On a Parabolic-Elliptic system with gradient dependent chemotactic coefficient

TL;DR

This paper studies a parabolic-elliptic PDE system modeling chemotaxis with gradient-dependent sensitivity, establishing uniform bounds and existence of multiple steady states in certain cases.

Contribution

It introduces a chemotaxis model with gradient-dependent sensitivity and proves uniform bounds and multiple steady states, extending understanding of such systems.

Findings

Solutions are uniformly bounded in time in L-infinity.

Existence of infinitely many non-constant steady states for p in (1,2) in 1D.

Results apply for various domain dimensions and parameter ranges.

Abstract

We consider a second order PDEs system of Parabolic-Elliptic type with chemotactic terms.
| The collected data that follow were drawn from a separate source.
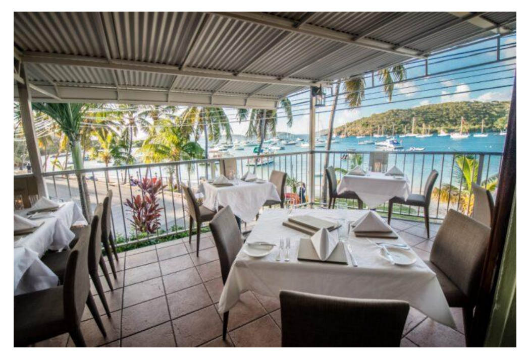
The winner of this raffle will enjoy incredible dining as a part of the prize package, including an evening of oceanfront deliciousness at The Terrace!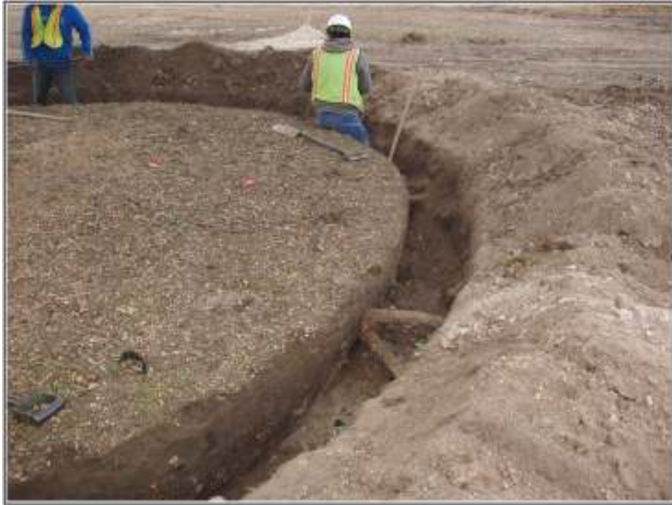
Figure 3-8. Hand-excavated narrow trench around root of tree slated for relocation.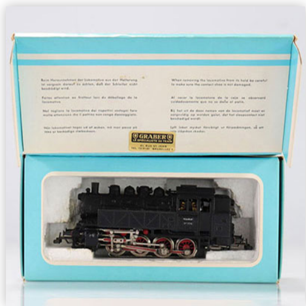
229 Marklin locomotive / Reference: 3031 / Type: series 81

Référence: GFAB6363 — Poids: 470 g — Region: Allemagne — Sizes: Avec boîte= H=50mm L=180mm — Condition: At first glance - very good condition - no restoration - no repair

The system describes the evolution of a biological species "$u$" moving towards a higher concentration of a chemical stimuli "$v$" in a bounded and open domain of $ \mathcal{R}^N$. In the system considered, the chemotaxis sensitivity depends on the gradient of $v$, i.e., the chemotaxis term has the following expression $$- div \left(\chi u |\nabla v|^{p-2}\nabla v \right),$$ where $\chi $ is a positive constant and $p$ satisfies $$p \in (1, \infty), \quad \mbox{ if } N=1 \quad \mbox{ and } \quad p\in \left(1, \frac{N}{N-1}\right), \quad \mbox{ if } N\geq 2.$$ We obtain uniform bounds in time in $L^{\infty}(\Omega)$ of the solutions. For the one-dimensional case we prove the existence of infinitely many non-constant steady-states for $p\in (1,2)$ for any $\chi$ positive and a given positive mass.